Data listing:
*** Block opens ***
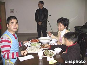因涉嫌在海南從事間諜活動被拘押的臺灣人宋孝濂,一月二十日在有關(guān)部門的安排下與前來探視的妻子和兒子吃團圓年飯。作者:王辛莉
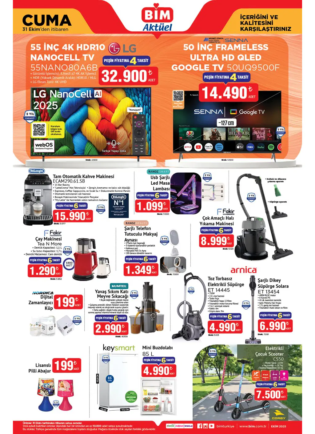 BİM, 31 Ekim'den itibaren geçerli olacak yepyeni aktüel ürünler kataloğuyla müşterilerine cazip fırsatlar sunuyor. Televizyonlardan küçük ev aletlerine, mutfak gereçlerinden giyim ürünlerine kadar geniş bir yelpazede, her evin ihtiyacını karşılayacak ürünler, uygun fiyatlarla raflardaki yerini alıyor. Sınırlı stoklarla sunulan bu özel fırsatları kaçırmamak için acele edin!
*** Block closes ***
*** Block opens ***
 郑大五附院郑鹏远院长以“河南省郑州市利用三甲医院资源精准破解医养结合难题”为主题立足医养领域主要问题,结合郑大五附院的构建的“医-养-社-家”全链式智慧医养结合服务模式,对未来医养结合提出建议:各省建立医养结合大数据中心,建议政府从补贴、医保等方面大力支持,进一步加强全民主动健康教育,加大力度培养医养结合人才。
*** Block closes ***
*** Block opens ***
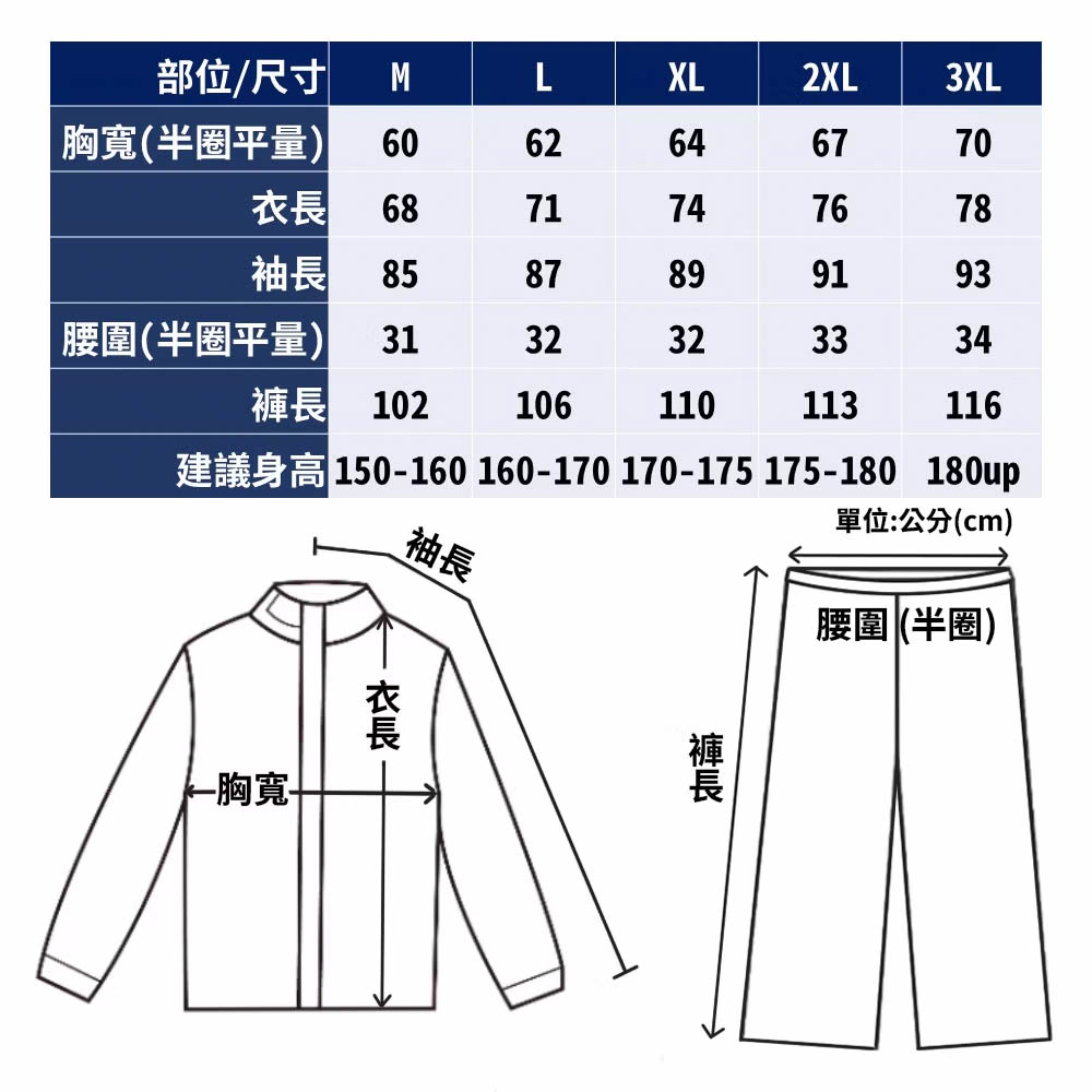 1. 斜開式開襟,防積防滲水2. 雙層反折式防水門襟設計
*** Block closes ***
Exercise instructions: When you reach the line holding "因涉嫌在海南從事間諜活動被拘" in the listing above, begin retyping exactly, and stop once the line holding "BİM, 31 Ekim'den" is done; pictures stay out.

Solution for this task:
因涉嫌在海南從事間諜活動被拘押的臺灣人宋孝濂,一月二十日在有關(guān)部門的安排下與前來探視的妻子和兒子吃團圓年飯。作者:王辛莉
 BİM, 31 Ekim'den itibaren geçerli olacak yepyeni aktüel ürünler kataloğuyla müşterilerine cazip fırsatlar sunuyor. Televizyonlardan küçük ev aletlerine, mutfak gereçlerinden giyim ürünlerine kadar geniş bir yelpazede, her evin ihtiyacını karşılayacak ürünler, uygun fiyatlarla raflardaki yerini alıyor. Sınırlı stoklarla sunulan bu özel fırsatları kaçırmamak için acele edin!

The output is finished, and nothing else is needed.